Yeka juga menggarisbawahi kebijakan yang tertera hanya dalam bentuk ”surat edaran”. Menurut dia, surat tersebut tidak cukup kuat bagi pelaku perberasan untuk mematuhinya. Selain itu, tidak ada mekanisme pengawasan pelaksanaan serta sanksi bagi yang melanggar.
KOMPAS/AGUS SUSANTO
Buruh tani mengumpulkan padi varietas Ciherang yang sudah dirontokkan di Desa Sukamaju, Kecamatan Tambelang, Kabupaten Bekasi, Jawa Barat, Selasa (29/11/2022).
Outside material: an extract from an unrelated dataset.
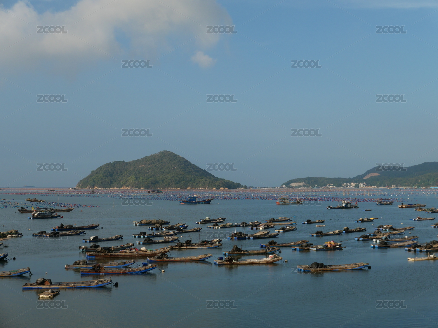 中国舟山枸杞岛元出汗的渔船停泊在碧蓝色的大海上
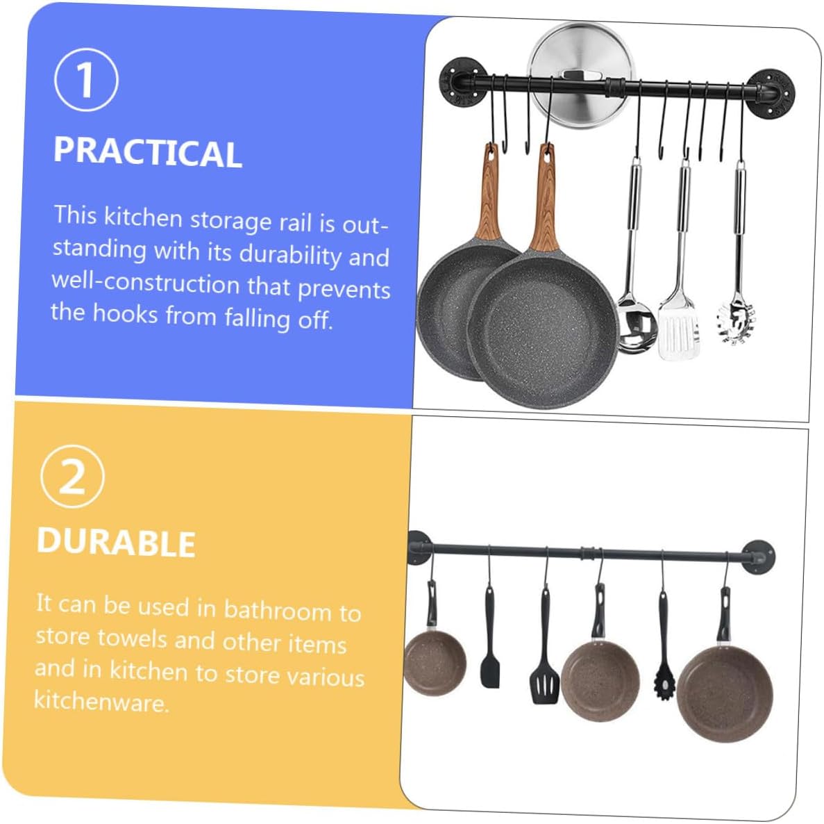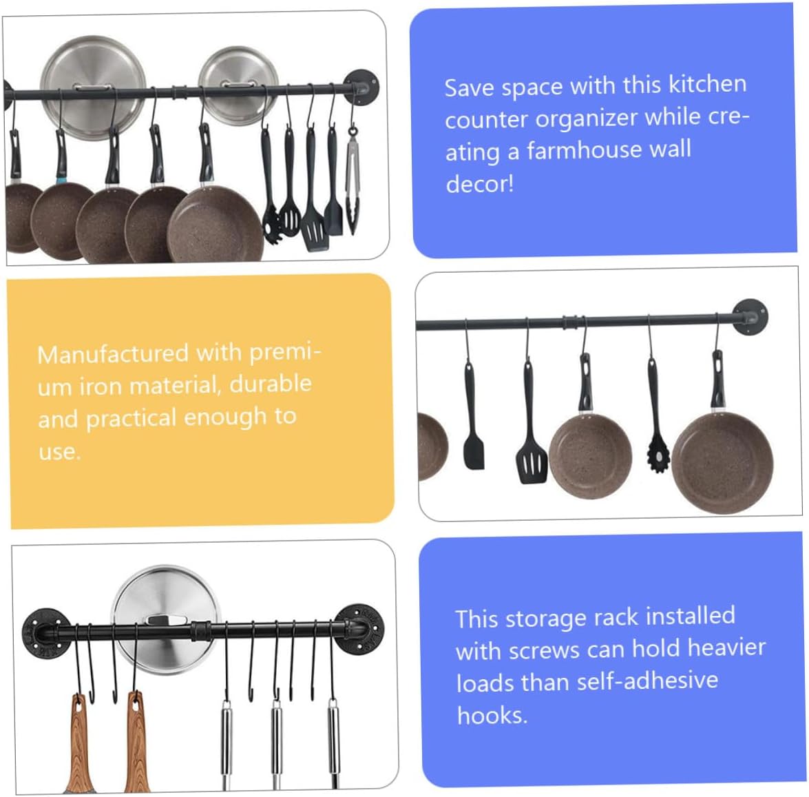 Package List 2 x rods 2 1 x connector 2 x bases 8 x screws 8 x expansion tubes 6 x hooks Features -Product Info:Pot lid stand - Size: 60.00X13.00X5.00cm/23.58X5.11X1.97 inch. - Color: Black. - Material: Iron. - Keep your utensils where you can easily reach and cook like a professional chef pot storage rack. - It can not only be hung in the kitchen as a pot and pans organizer and a towel rack in the bathroom.It can also be installed on the balcony as a plant shelf with hanging bar pot racks. - Hooks that are nailed into the wall are more practical and have greater bearing capacity than self-adhesive ones pot hanger. - Fit for frying pan, camping cookie, skillet, cooking utensils, farmhouse pots and pans, etc kitchen utensil rack. - and fine workmanship make this storage rack and can be used for a long time.Goods Informationhanging pot rack The storage rack with hooks can store various items, such pot, pot lid, spatula, washing cloths and etc.wall mounted pan rack Suitable for kitchen, bathroom, bedroom and other places you need.kitchen utensil hanging rack This is a storage rack, which is made of iron , and can be used for a long time

Secara keseluruhan, Yeka berpendapat, kebijakan harga tersebut tidak akan efektif tanpa manajemen stok cadangan beras pemerintah yang baik yang dikelola Perum Bulog. ”Dengan adanya stok cadangan (beras) yang cukup, pemerintah dapat mengguyur pasar saat harga beras tinggi. Manajemen stok (yang baik) akan membuat pengendalian harga beras selaras dengan mekanisme pasar,” katanya.
Kepuasan rendah
Pada Januari 2023, survei Litbang Kompas yang dipublikasikan, Senin (20/2/2023), mencatatkan, tingkat kepuasan publik terhadap kinerja pemerintah dalam aspek perekonomian mencapai 53,5 persen. Pada aspek itu, tingkat kepuasan publik terhadap kinerja pemerintah dalam memberdayakan petani dan nelayan berada di bawah 50 persen, yakni 46,8 persen.
Menurut Dwi, kebijakan harga yang baru diterapkan petani mencerminkan capaian tingkat kepuasan publik tersebut. Petani dapat tidak berdaya apabila kebijakan harga tidak menguntungkan mereka.
Henry menilai, ketidakpuasan tersebut dapat menggambarkan tidak tuntasnya program pemerintah dalam memberdayakan petani. ”Misalnya, konflik agraria yang masih terjadi di kalangan petani serta pemanfaatan pupuk organik yang tidak berjalan di tengah mahalnya pupuk non-organik,” ujarnya.